Saturday: 5 miles. Pushing my daughters, Aley (3) and Holly (7mo), in the double stroller on a windy day, tough work! It was community garage sale day so it was fun shopping the neighbourhood while running, even tried out an eliplitical. After the run I drove 7 hours to New Orleans for work so I did not get to double as planned, decided to save it for the next day.

Sunday: 20 miles in 2:03, yeah baby! Feeling a whole lot better about my fitness after this one. Running in New Orleans is fantastic, if you run St. Charles street you can run on trails down the street car tracks to get 5+ miles off pavement which takes you to the Audubon Park with a nice trail loop and full of runners. I was up along the Mississippi for a few miles, missed my planned turn off to make a giant loop of NOLA but out-and-return's can be a nice way to get the right amount of miles in. Fell into a nice rythym hovering around 6 minute mile pace. Polar V800 training session HERE (sorry, forgot heartrate strap this trip). Bread and butter of marathon training is this run right here, if I only had to do one a week this would be it.

General Health/Diet: Terrible! Had a sprained ankle the week before so I took a precautionary 4 days off with some cross-training. Then an ear infection through most of this week which was extremely painful and annoying. So I've been on antibiotic pills and drops all week which have messed with my apetite and stomach. Food choices have been terrible, too much fast food, too many carbs (which I plan on cutting back to 50-200g/day and increasing fat/protien, more on this later).

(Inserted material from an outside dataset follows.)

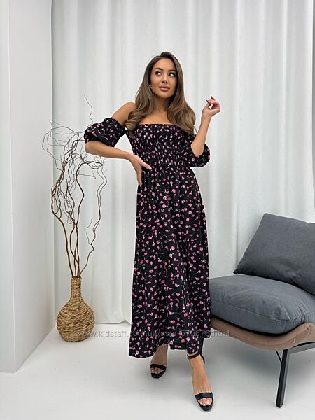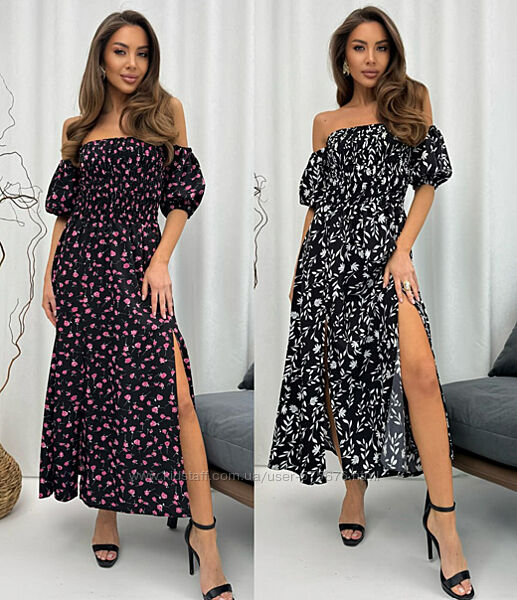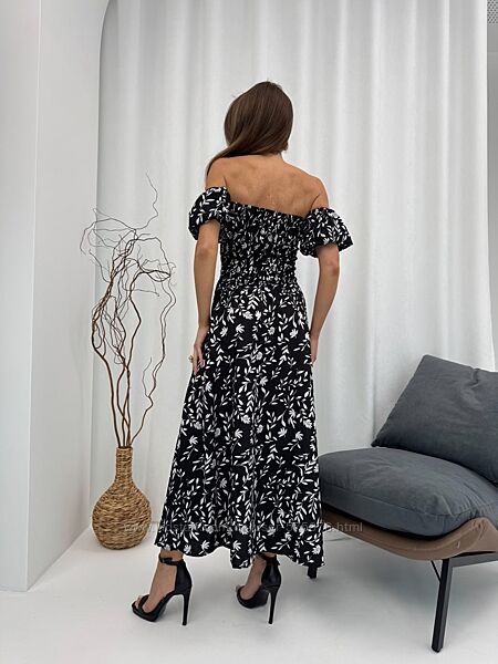 Сукня-максі з жаткою на грудях, відкритими плечима та рукавами-ліхтариками. Виріб приталеного крою з розкльошеною довгою спідницею, декорованою двома розрізами.

Resting heart rate has been just under 40bpm and feeling good. Other than a sore ankle my right hamstring is a little tight from the marathon pace work. Weight is down about 5lbs this week back to the mid-150's, I will drop another 5-10lbs for marathon race weight.

Tips of the Week:

Breaking the mileage rule:

The weeks prior I had been averaging in the 20-30mpw due to lots of racing (high intensity), not an ideal buildup to marathon training where you typically see elites packing in 100-150mpw as part of base training. But you may be asking why I just doubled my weekly mileage, doesn't that break some kind of Runners World rule for weekly mileage and long run percentage of weekly mileage? When you have previously done higher mielage training consistantly, and you listen to your body, you can return to high mileage very quickly. I did not have too high of intensity this week (which I was doing lots of the last few months) so I subsituted intensity for quantity, important to balance these along with recovery.

Adding Mileage:

Doubling: Adding a second run to your day is a great and less stressful way for your body to build mileage up. This is typically done by adding a morning or evening "shake out" run of a few miles really easy once or twice a week.

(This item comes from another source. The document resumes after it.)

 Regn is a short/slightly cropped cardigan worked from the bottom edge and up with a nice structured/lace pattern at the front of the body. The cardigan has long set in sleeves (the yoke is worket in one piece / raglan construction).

Run commute to your group runs. Used this method twice this week, running to-and-from your group runs is a great way to add mileage if you live a manageable distance away. Running to work or running home from family events works well too.

The Long Run:

As I mentioned above, this is a critical workout for the marathon. Yes, treat it as a workout. This is not a social chit-chat run, while it is great to have company and we usually do start out talking there is a definite point in the run where it turns to work.

In the early stages of marathon buildup you are typically just trying to get time on your feet but as the training progresses you can start adding more steady state running, progressions or fast finish, and even fartleks throughout the run.


Congrats to Tony Constanzo for completing his over 420 mile run in 10 days from Beaumont to Austin for his Footsteps for the Fallen dedication and fundraiser!

Mack Broussard rocked his first big high school XC race as a junior placing top 40 at the Nike Invitational!